We dive into this and so much more with a data analytics executive, Glenn Wasson. Glenn is a data scientist and the Administrator of Analytics and Performance Measurement at the University of Virginia Health System. He also holds a PhD in Computer Science from the University of Virginia. Glenn has leveraged his expertise to creatively solve problems across diverse industries, including healthcare, national defense, energy, and higher education.

In this episode of the Scaling Tech podcast, Arin and Glenn explore the capabilities of AI in depth. They highlight key features of AI, examine its main limitations, and share practical advice for making the most out of AI in an ever-evolving tech space.

Check out this episode to stay ahead of the curve and master the essentials of the new business norm that is AI.

About Guest:

Name: Glenn Wasson

What he does: He’s a Data Analytics Executive

Company: UVA Health

Where to find Glenn: LinkedIn

Key Insights

AI reminds us of us. Artificial intelligence gets its name because it mirrors human behavior. It reminds us of us, and that’s one of its greatest strengths — it behaves in a natural and easy-to-understand way, ultimately creating a better user experience. 

Glenn explains, “AI is this big umbrella term for systems that solve problems in a way that reminds us of us. So, in a way that feels human-like to other people. It’s a bit of a philosophical definition, but it sort of avoids having to define exactly what intelligence is, which is a notoriously sticky issue. We don’t have to argue about whether AI or people… It allows us to ascribe intelligence to what systems we want, and that’s not so much sort of diss of the state of the art because the important thing there is how easy it is for someone to interact with a system that’s sort of acts the way they would anticípate a person doing.
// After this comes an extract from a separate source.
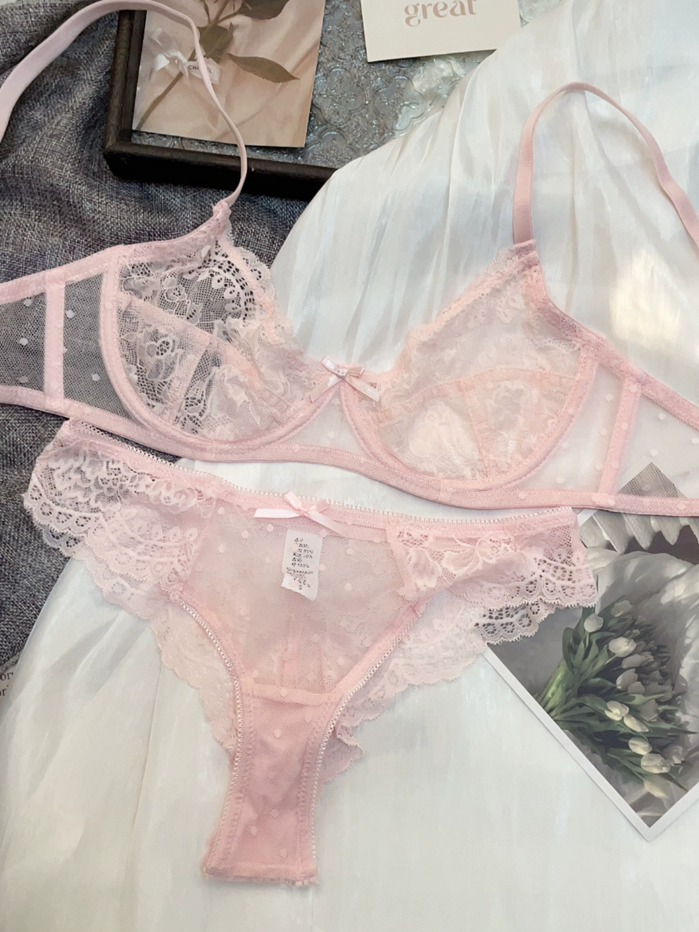 Pure desire french transparent bra suit women’s ultra-thin fairy lace half cup underwire push-up

So you can really get a better user experience, let’s say, out of such systems.”

Machine learning (ML) is a context-dependent probability model. While AI mimics human behavior, ML is more powerful because it learns from examples rather than relying on predefined rules. 

Glenn explains, “We talked about AI as this big umbrella term. Machine learning, then is a subset of AI where we’re creating systems that try to determine patterns from examples. So really useful in situations where it’s hard to write the algorithm or the ruleset that governors how to solve a problem, but we can differently judge any particular solution to be right, wrong, good, bad, and so if you can present a whole bunch of positive negative examples to a system that can try and derive what the rules are from that, that’s machine learning in a nutshell. And then a large language model, a particular technique where by we train essentially this giant probability machine on all the text we can find, and its job is to say, given all the words that have been used up to now, what’s the most likely next word?”

Can AI build on our ideas? The boundaries of AI creativity are a topic of ongoing debate. Glenn shares his point of view. “There’s a theory of creativity where what is really happening is people are combining parts of things they have seen before just in an unusual way. So they are reusing things that are already out there, which the AI, in theory, could have access to as well, and so it’s just a question of whether the LLM technique will cause it to combine those pieces in an unexpected way or will it do the most expected thing because the probability model said that that’s what it should do?”